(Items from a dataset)
###
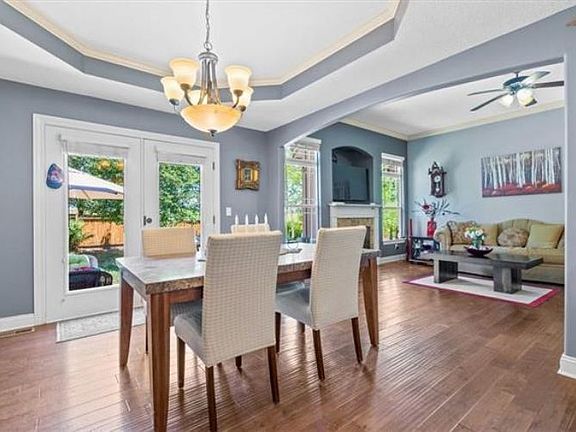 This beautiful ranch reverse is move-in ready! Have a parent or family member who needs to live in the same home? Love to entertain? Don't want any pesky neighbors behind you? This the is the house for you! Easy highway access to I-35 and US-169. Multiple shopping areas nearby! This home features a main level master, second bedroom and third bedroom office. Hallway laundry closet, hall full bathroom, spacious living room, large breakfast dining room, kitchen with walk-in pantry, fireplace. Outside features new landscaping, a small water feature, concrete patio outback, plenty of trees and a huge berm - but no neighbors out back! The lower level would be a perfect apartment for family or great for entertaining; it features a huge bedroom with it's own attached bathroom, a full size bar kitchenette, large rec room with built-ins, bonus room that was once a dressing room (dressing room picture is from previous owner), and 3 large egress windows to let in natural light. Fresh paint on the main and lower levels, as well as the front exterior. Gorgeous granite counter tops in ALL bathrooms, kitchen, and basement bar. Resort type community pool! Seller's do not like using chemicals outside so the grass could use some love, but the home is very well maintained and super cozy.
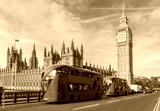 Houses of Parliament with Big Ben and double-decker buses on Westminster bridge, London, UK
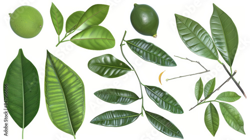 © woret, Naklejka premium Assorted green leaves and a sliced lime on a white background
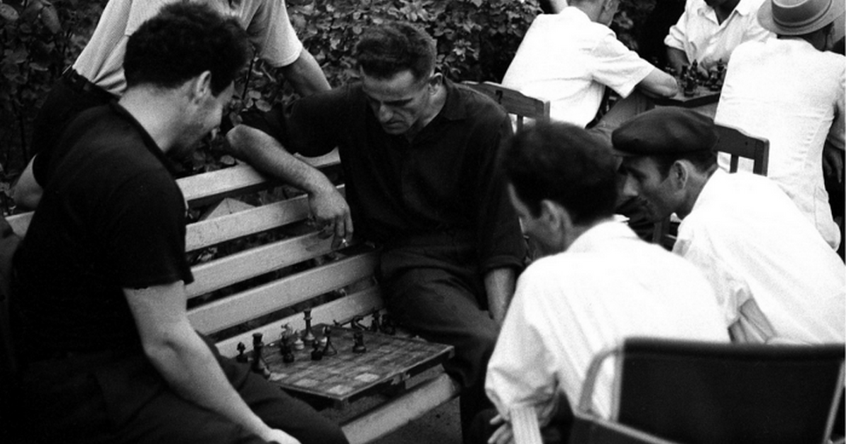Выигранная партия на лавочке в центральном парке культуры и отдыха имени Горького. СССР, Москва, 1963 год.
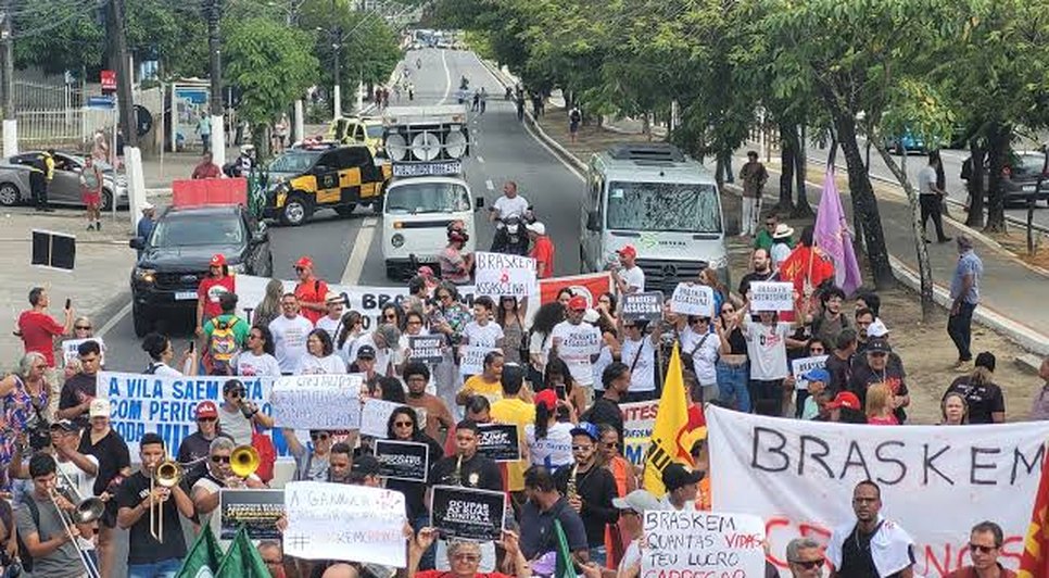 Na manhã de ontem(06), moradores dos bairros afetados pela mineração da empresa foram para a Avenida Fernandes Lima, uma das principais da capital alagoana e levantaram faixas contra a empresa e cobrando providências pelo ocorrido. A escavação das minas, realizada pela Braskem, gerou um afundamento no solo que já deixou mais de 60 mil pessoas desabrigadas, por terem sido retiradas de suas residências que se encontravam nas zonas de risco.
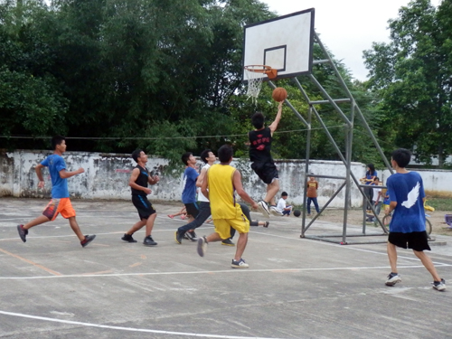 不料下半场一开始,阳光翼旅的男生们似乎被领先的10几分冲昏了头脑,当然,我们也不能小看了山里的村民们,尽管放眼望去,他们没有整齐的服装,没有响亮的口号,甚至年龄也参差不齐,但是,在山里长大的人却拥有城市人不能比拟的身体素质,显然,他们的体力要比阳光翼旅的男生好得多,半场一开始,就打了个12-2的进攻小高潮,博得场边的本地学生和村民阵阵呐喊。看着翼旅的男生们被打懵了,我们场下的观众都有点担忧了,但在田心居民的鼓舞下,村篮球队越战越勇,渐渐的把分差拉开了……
###
▶ TASK DETAILS
Your copy should match the records word for word, with the pictures removed.

▶ ANSWER
 This beautiful ranch reverse is move-in ready! Have a parent or family member who needs to live in the same home? Love to entertain? Don't want any pesky neighbors behind you? This the is the house for you! Easy highway access to I-35 and US-169. Multiple shopping areas nearby! This home features a main level master, second bedroom and third bedroom office. Hallway laundry closet, hall full bathroom, spacious living room, large breakfast dining room, kitchen with walk-in pantry, fireplace. Outside features new landscaping, a small water feature, concrete patio outback, plenty of trees and a huge berm - but no neighbors out back! The lower level would be a perfect apartment for family or great for entertaining; it features a huge bedroom with it's own attached bathroom, a full size bar kitchenette, large rec room with built-ins, bonus room that was once a dressing room (dressing room picture is from previous owner), and 3 large egress windows to let in natural light. Fresh paint on the main and lower levels, as well as the front exterior. Gorgeous granite counter tops in ALL bathrooms, kitchen, and basement bar. Resort type community pool! Seller's do not like using chemicals outside so the grass could use some love, but the home is very well maintained and super cozy.
 Houses of Parliament with Big Ben and double-decker buses on Westminster bridge, London, UK
 © woret, Naklejka premium Assorted green leaves and a sliced lime on a white background
Выигранная партия на лавочке в центральном парке культуры и отдыха имени Горького. СССР, Москва, 1963 год.
 Na manhã de ontem(06), moradores dos bairros afetados pela mineração da empresa foram para a Avenida Fernandes Lima, uma das principais da capital alagoana e levantaram faixas contra a empresa e cobrando providências pelo ocorrido. A escavação das minas, realizada pela Braskem, gerou um afundamento no solo que já deixou mais de 60 mil pessoas desabrigadas, por terem sido retiradas de suas residências que se encontravam nas zonas de risco.
 不料下半场一开始,阳光翼旅的男生们似乎被领先的10几分冲昏了头脑,当然,我们也不能小看了山里的村民们,尽管放眼望去,他们没有整齐的服装,没有响亮的口号,甚至年龄也参差不齐,但是,在山里长大的人却拥有城市人不能比拟的身体素质,显然,他们的体力要比阳光翼旅的男生好得多,半场一开始,就打了个12-2的进攻小高潮,博得场边的本地学生和村民阵阵呐喊。看着翼旅的男生们被打懵了,我们场下的观众都有点担忧了,但在田心居民的鼓舞下,村篮球队越战越勇,渐渐的把分差拉开了……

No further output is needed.